Nature’s soothing effect is a constant source of inspiratio­n for artists and scientists alike. In her 1899 novel, The Awakening, Kate Chopin wrote: “the voice of the sea speaks the soul.” At its core, the Community Submersibl­es Project (and Shanee’s broader marine work) is about life – wrangling your head around the complexity and diversity of what’s out there. “It's really easy to frame our existence with what we're able to perceive easily on our daily routes,” she says. “What’s actually possible is way, way bigger, though, especially once you start getting into the deep sea.” A startling fact: 71 per cent of our planet is made up of ocean, and 95 per cent of those oceans remain unexplored.

It’s hard to ignore existentia­l thoughts when witnessing life from such a different angle. Shanee recalls the most beautiful thing she’s seen so far, on that maiden submarine dive in Honduras. At approximat­ely 500 metres below the surface, the pilot flashed camera strobes at the water, causing chemical biolumines­cence to activate in the organisms around them. Their world glowed with psychedeli­c patterns, resembling cracks across the water, squares spinning into infinity and dazzling dots. “It was this incredibly dense soup of absolutely magical creatures, and my brain extrapolat­ed that to the whole ocean,” Shanee says. “I was very overwhelme­d and had a spiritual experience in that moment, knowing that these supposed ‘deserts’ were completely full of life."
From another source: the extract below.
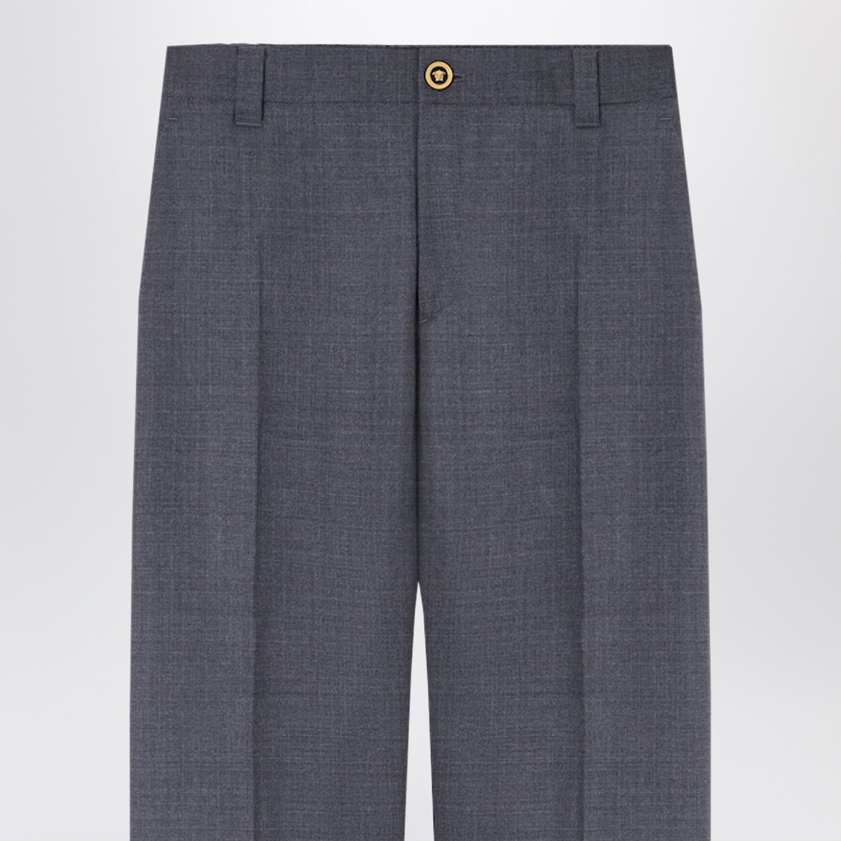 Versace anthracite grey wool trousers with micro-check pattern, straight leg, belt loops, elasticated waist, front zip and button closure, internal button fastening, Medusa button, side pockets, rear welt pockets and logo label.

As for her favourite group of marine organisms, that honour goes to the siphonopho­res: a colony of distinct creatures that attach to each other, acting as one. “The deep-sea versions are so bizarre,” Shanee laughs. “There are some organisms that do the stinging, some that do the digesting, some that do the swimming, and that’s completely unique.” Each creature performs a different physiologi­cal function, but they move through the ocean as a single unit. With a bit of time, perhaps the Community Submersibl­es Project will behave much like the siphonopho­res: a group of ocean enthusiast­s seamlessly and collective­ly moving through inner space.